18F-FDG PTE/MRI is widely accepted as a useful tool in the diagnosis and staging of various types of tumors; however, its application in GC was deemed to be impractical due to motion artifacts caused by respiration or gastric peristalsis and higher examination time cost than PET/CT . Only one study using GC patients has been performed to date and comprises a retrospective comparison between PET/MRI and MDCT . The motion artifacts detected in this study meant that it failed to assess the value of PET/MRI for accurate T and N staging, and any benefit of using PET/MRI in T and N staging compared with MDCT was not determined. Considering that many studies have suggested that MRI performs better than CT in GC [13, 14], we expected that PET/MRI would be more useful in GC staging; thus, we conducted a prospective study comparing PET/MRI with PET/CT for preoperative staging.

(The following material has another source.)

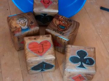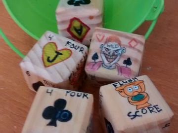 Yard dice are made from wood with drilled holes. All are unique. They have 5 different games and an expo marker for the score keeper to track while playing.

Before our study, we had tried to overcome the problems associated with examining GC by PET/MRI. To maintain a filled stomach, we tried to continuously inject water into the stomach with a pump system; however, this was unfeasible due to artifacts caused by the pump. Finally, we found that defining the optimal method for stomach imaging and minimizing the examination time is a feasible way to reduce motion artifacts and mismatches between MRI data and PET data (more detail is shown in our protocol). Although no statistical differences were shown in the major test results, the performance of PET/MRI was better than that of PET/CT regarding diagnostic test results and identification of the images.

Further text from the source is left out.